Jerzy Grotowski
Jan Kott's Last Interview
Excerpted comments on Grotowski and Cieslak

Editor: (Owen Daly) Allen Kuharski is a Professor of English and Director of Theater Studies at Swarthmore College. This interview with Jan Kott (1914 -2001), Polish critic and theoretician of the theatre, was conducted in 2001. This short excerpt includes his recolections and comments on Grotowski. The full interview is published in New Theatre Quarterly (2002), 18:103-120

Raised and Written in Contradiction: Jan Kott's Final Interview

With Allen J. Kuharski
Transcribed by Helena Morawska White
English Translation by Michal Zadara
English version edited by Allen J. Kuharski

Note: The following text is based on a series of interviews conducted by Allen J. Kuharski with Jan Kott at his apartment in Santa Monica, CA, on March 31 and April 1, 2001. Jan Kott died after a long illness on Dec. 22, 2001.

... 

Q:   In the Polish theatre, you knew such directors as Kantor and Grotowski very well. They were known in Poland as well as abroad, in America. It must have been a challenge to be friends with both Grotowski and Kantor.

A:   Grotowski respected Kantor, but Kantor hated Grotowski. I remember Kantor's last speech at the Congress of Polish Culture in 1981. At that time it felt like the Soviet Army was going enter Poland any minute. In that tense atmosphere, standing at the lectern, Kantor said: "Grotowski is a swindler." That gives you some idea of the relations between them.

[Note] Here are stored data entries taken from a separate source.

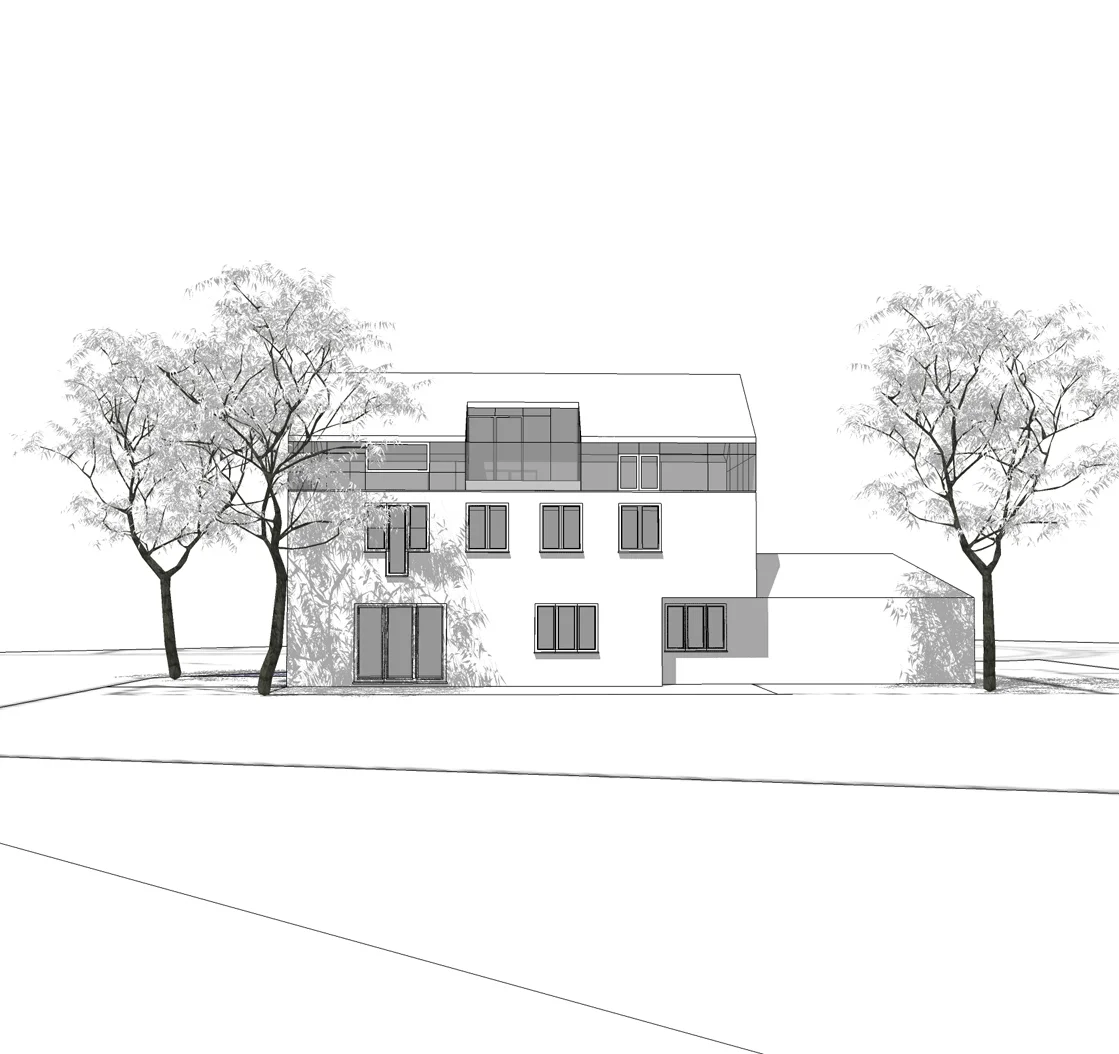 Der Entwurf der Aufstockung sieht vor, das Bestandsvolumen zu erhalten und, getrennt durch eine umlaufende Glasebene, das Dach erhöht und scheinbar schwebend über diesem Volumen anzuordnen.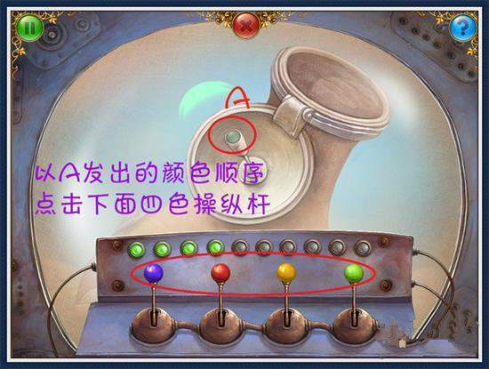 16、回一層,放入管道和齒輪。在右邊機(jī)器處放入燈泡,開(kāi)始謎題。(圖4)點(diǎn)擊操作桿和左下方的紅色按鈕,進(jìn)入。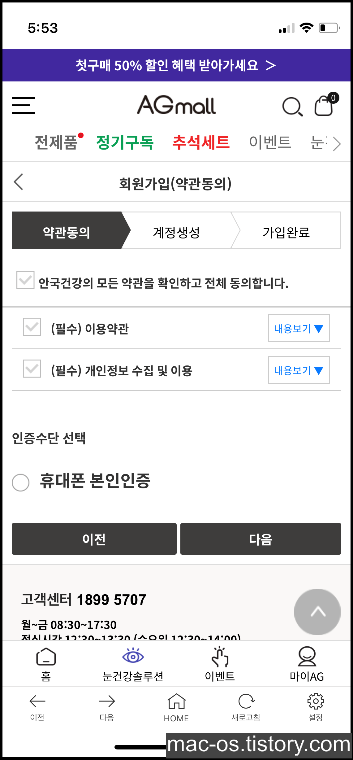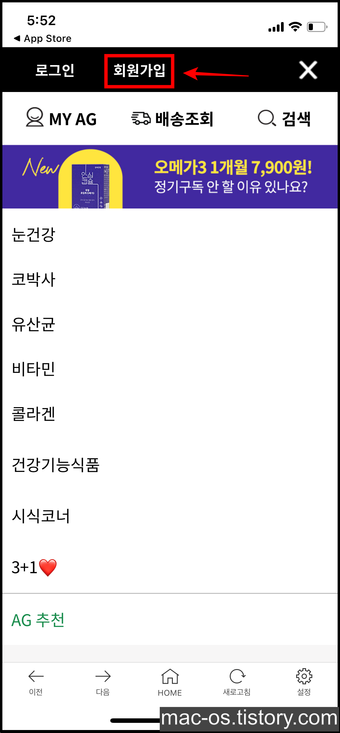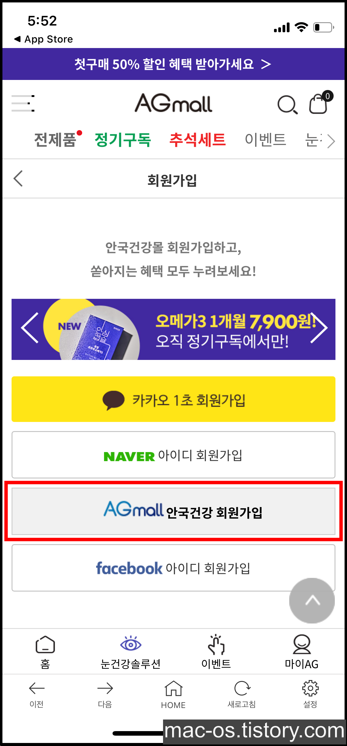 [회원가입] > [안국건강 회원가입]을 터치합니다. 카카오 계정으로 가입하셔도 됩니다.
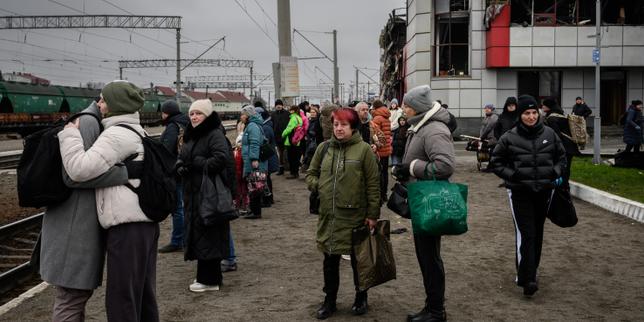 Des passagers attendent l’arrivée d’un train au lendemain des frappes de missiles et de drones russes du 6 décembre 2025 sur la gare de Fastiv, dans la région de Kiev, le 7 decembre 2025.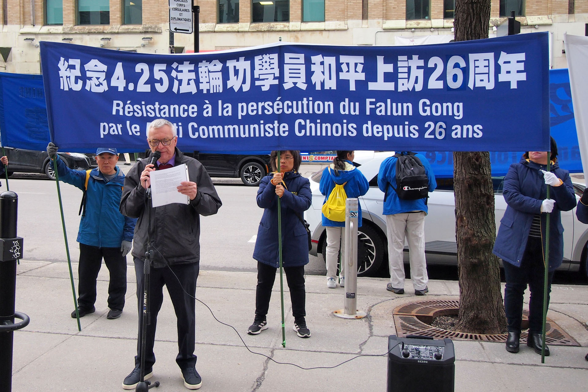 参加当日集会活动的法轮功学员罗娜(Lorna),在二十六年前的四月二十五日,前往中共驻加拿大大使馆反映情况。当天上午她在炼功点上得知了天津法轮功学员被中共警察抓捕的消息,就抱着朴素的一念:让中国政府了解法轮功的真实情况,和一些法轮功学员坐上了从蒙特利尔开往渥太华的大巴。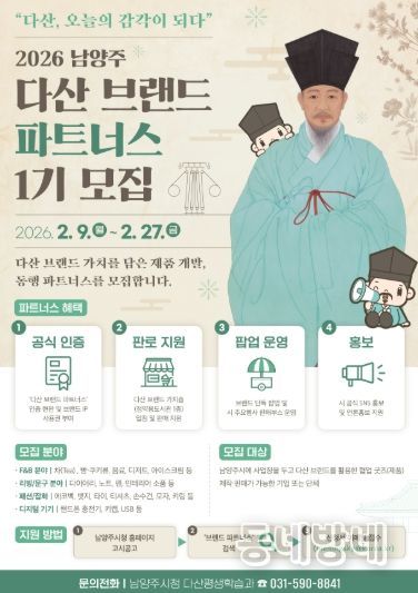 동네방네 김형규 기자 | 남양주시는 실학의 거장 정약용을 21세기 감각으로 되살린 브랜드 굿즈를 개발하는‘2026 다산 브랜드 파트너스’1기를 오는 2월 9일부터 27일까지 모집한다.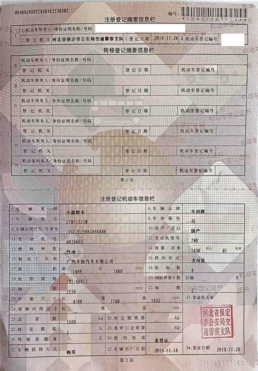 车牌号 冀****** 品牌 丰田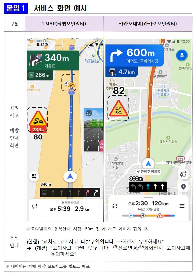 또 기존 티맵과 카카오내비에 더해 네이버지도 길찾기 서비스에서도 고의사고 음성안내가 제공된다. 안내 방식도 강화된다. 기존에는 사고다발 지역 진입 직전 15m에서 안내가 이뤄졌지만, 앞으로는 진입 150m 전부터 음성안내가 시작된다. 아울러 해당 지역에서 빈번하게 발생하는 사고 유형(진로 변경, 좌회전 고의사고 등)을 팝업 형태로 추가 안내해 운전자의 경각심을 높일 계획이다.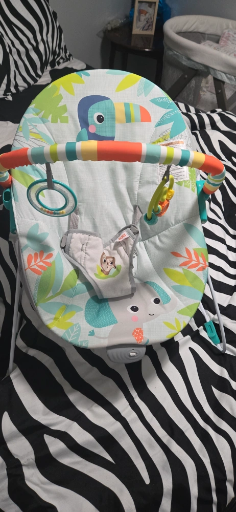 Adorable baby bouncer, jungle theme. Features multiple toys. Vibrating function. Great condition.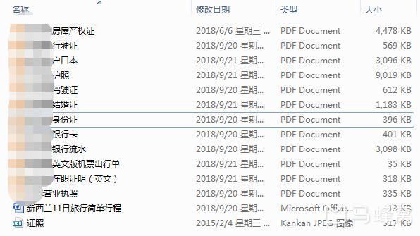 !你需要准备的材料有:JPG格式的证件照片,PDF格式的护照扫描件、身份证、户口本、英文版机票出行单(证明您是一个真诚的人 & 您已经购买了返程机票)、英文版在职证明(您雇主的准假信)、半年的银行流水、其他辅助证明资产的材料(房产、汽车产权证,股票、基金等权证)等。下面的截图,是我办理电子签证的文件,照着准备就可以了。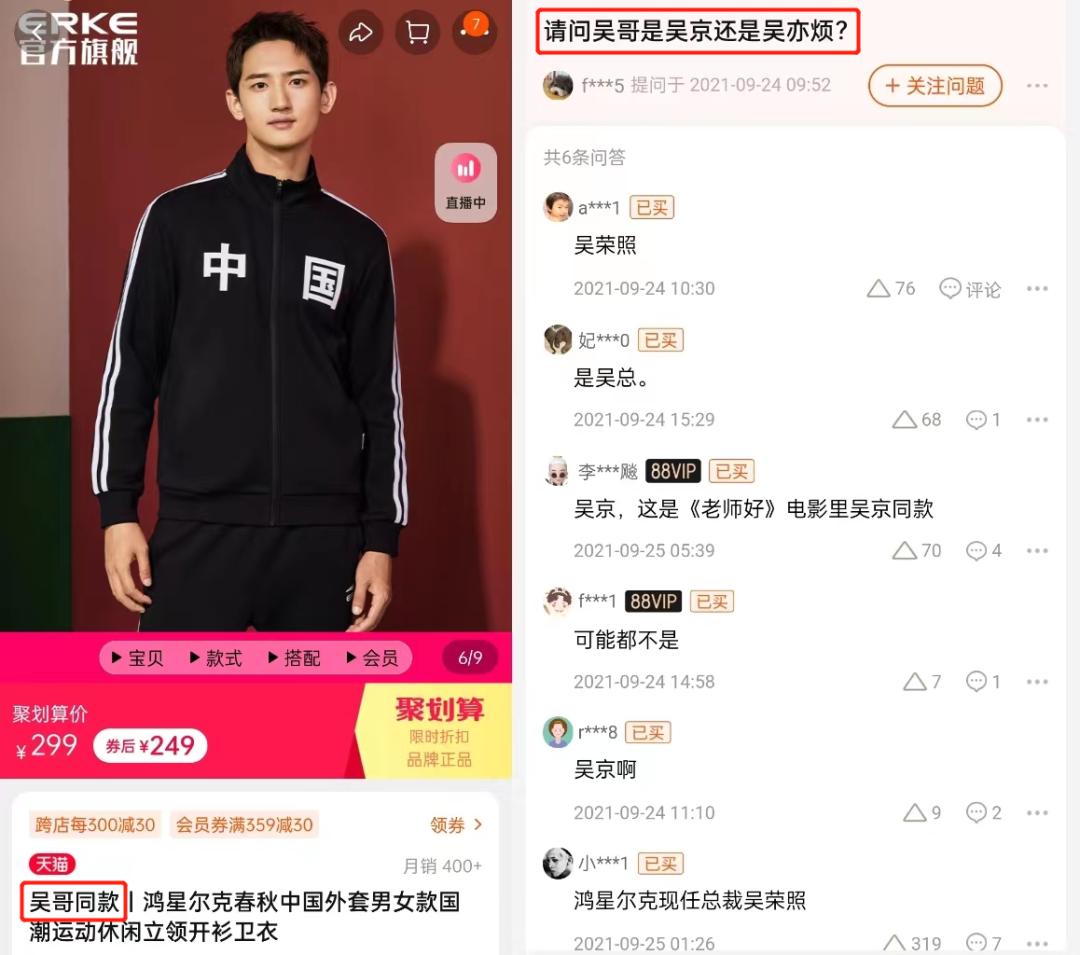 而在去年吴京同款“中国”外套爆火之际,鸿星尔克也趁势上新了“吴哥同款”外套,不过这个吴哥不是吴京,而是鸿星尔克的老板吴荣照,在淘宝店铺留言区,也因此引发了不少用户混淆。这波蹭热度的行为,不免有些“擦边球”之嫌。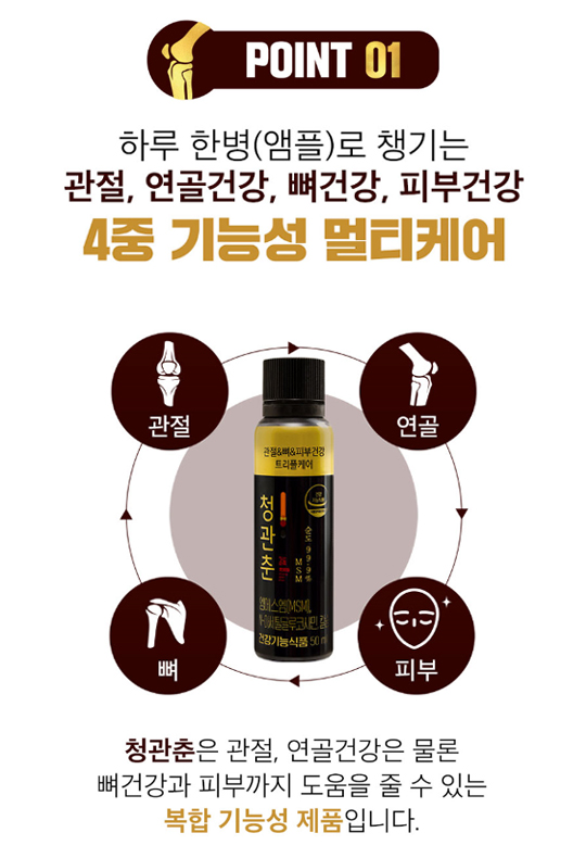2. 청관춘 하루 한 병으로 관절 건강 · 뼈 건강 · 연골 건강 · 피부 건강까지 케어하세요.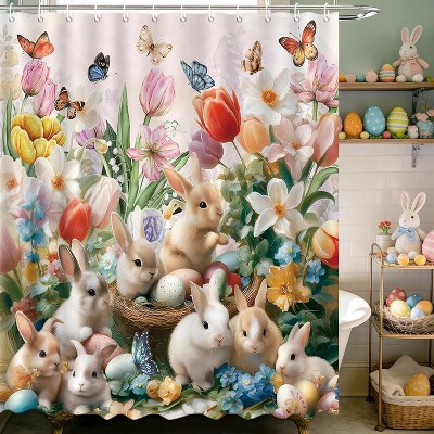 Nertpow 1PC Easter Patterned Shower Running Rabbits Easter Bathroom Decor Waterproof With Pink Flowers Bath Curtain Include Hooks.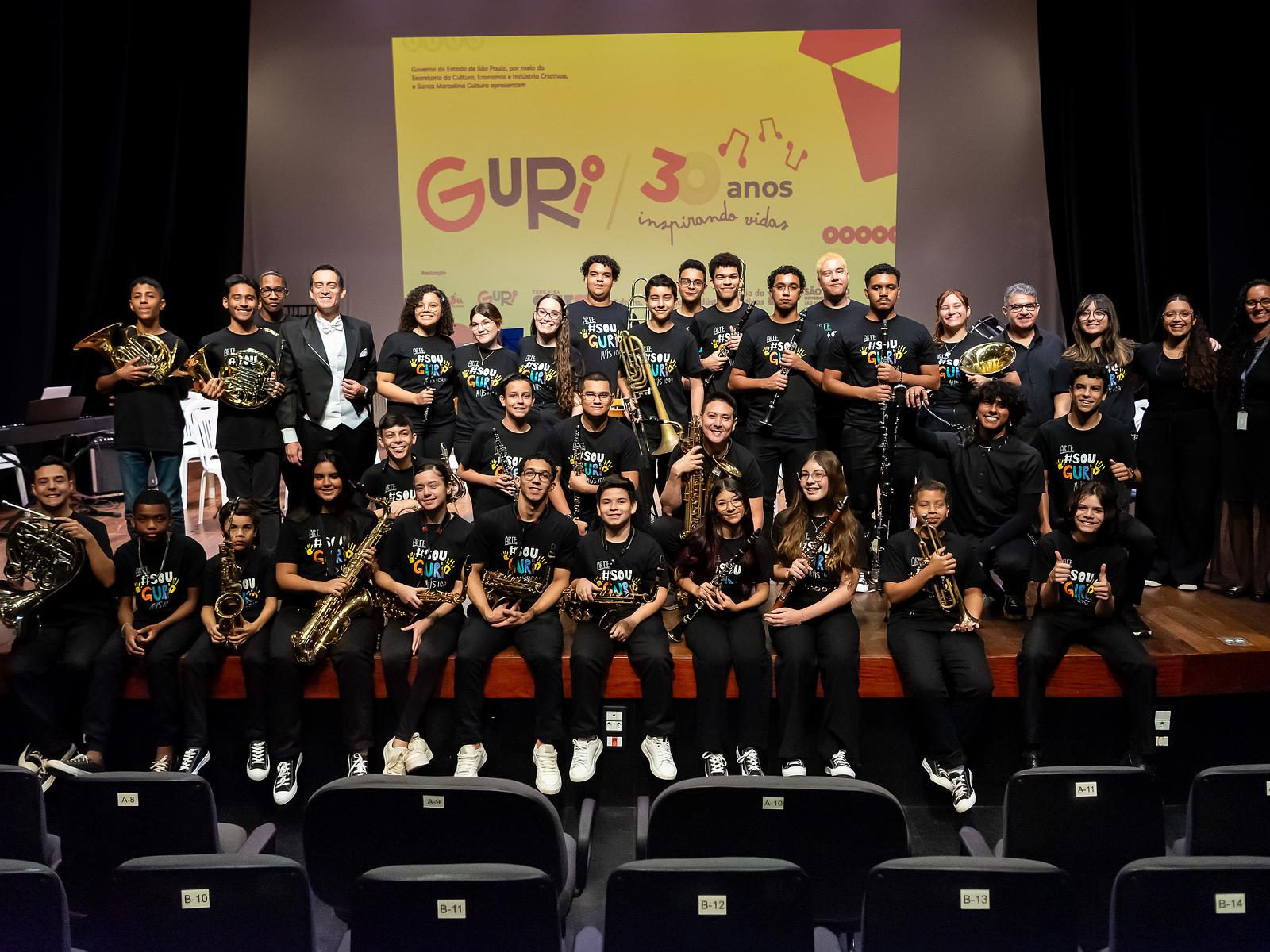 O nome “banda” é utilizado para definir uma orquestra formada por instrumentos de sopros com madeiras: flautas, clarinetes, saxofones, oboé e fagote; metais: trompete, trompa, trombone, eufônio e tuba; e percussão com tambores, pratos, xilofone e diversos outros. Diferencia-se da orquestra sinfônica por não ter instrumentos de cordas, como o violino. A Banda Sinfônica do GURI de Bauru foi criada em 2012, já se apresentou ao lado da The Rodney Mack Philadelphia Big Brass (EUA), no Auditório Ibirapuera; tocou no 10º Festival de Inverno de Boituva; realizou virtualmente concerto com João Donato e Maurício Freire Garcia, Hermeto Pascoal e Antônio Carlos Souza. Já recebeu regentes como Devanildo Balmant, Sarah Higino, Lutero Rodrigues, Fabricia Mikaela, Marcelo Marganha e Franklin Ramos. Participou do Encontro de Bandas do GURI em São Paulo, sob regência de Yudania Yudania Gomez (Cuba), com concertos no Theatro São Pedro.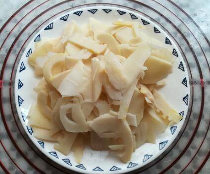 用料:五花肉250克、春笋3根、蒜米4瓣、辣椒1个、盐2克、生抽5克、蚝油10克、食用油20克、葱花适量。

      I was in Opole with Grotowski when he was beginning his work. Back then, in that small theatre, there were three or four people in the audience. And the actors looked at Grotowski as if he were God. He demanded incredible things, an unknown kind of acting. There was a different relation between the actor and the audience. For Grotowski, acting was like being struck by lighting--that's my description, but I think that it is appropriate for Grotowski. Right now, the Center for Research on Grotowski's work in Wroclaw has published the fourth or fifth incredibly interesting booklet containing the memoirs of people who worked with Grotowski in Opole and in Wroclaw. These memoirs are important if you want to understand Grotowski's relations with his actors. I will write about it some day. I remember that when I went to Opole, the performance made a huge impression on me. I knew that this was new, but I did not then understand the extent to which this new thing was revelatory, really shocking. Until I saw Apocalypsis cum figuris for the last time. At that point, I understood that this is great theatre. That was Grotowski's last production, one could say that Grotowski's theatrical work ended there. He later told me and others that for him it was the end--anything after that would have only been a repetition. Grotowski was a man of great vision, great courage, unwilling to make any kind of compromise.

     As I have said, the closeness of the actor and the audience member was one of Grotowski's principles. In The Constant Prince, Cieslak was almost tortured on stage, with the audience watching. Grotowski created Cieslak and ultimately made him unhappy, as well. I saw in him later on, in Apocalypsis cum figuris. In the opinion of many besides myself, Cieslak became one of the world's greatest actors.

...

excerpted from:
New Theatre Quarterly (2002), 18:103-120 Cambridge University Press Copyright © 2002 Cambridge University Press DOI 10.1017/S0266464X02000192

In Polish in:
"Wychowany i piszacy w sprzecznosciach: Ostatni wywiad z Janen Kottem," KRESY
(BORDERLANDS; Lublin) 54-55 (2-3, 2003): 107-123.

 

Jan Kott, born in Warsaw in 1914, was the Polish critic and theoretician of the theatre who was best known around the world. He had lived in the United States and lectured at Yale and Berkeley since 1966. A poet, translator, and critic of literature and the theatre, he was also one of the finest essayists of the Polish school. He died in 2001.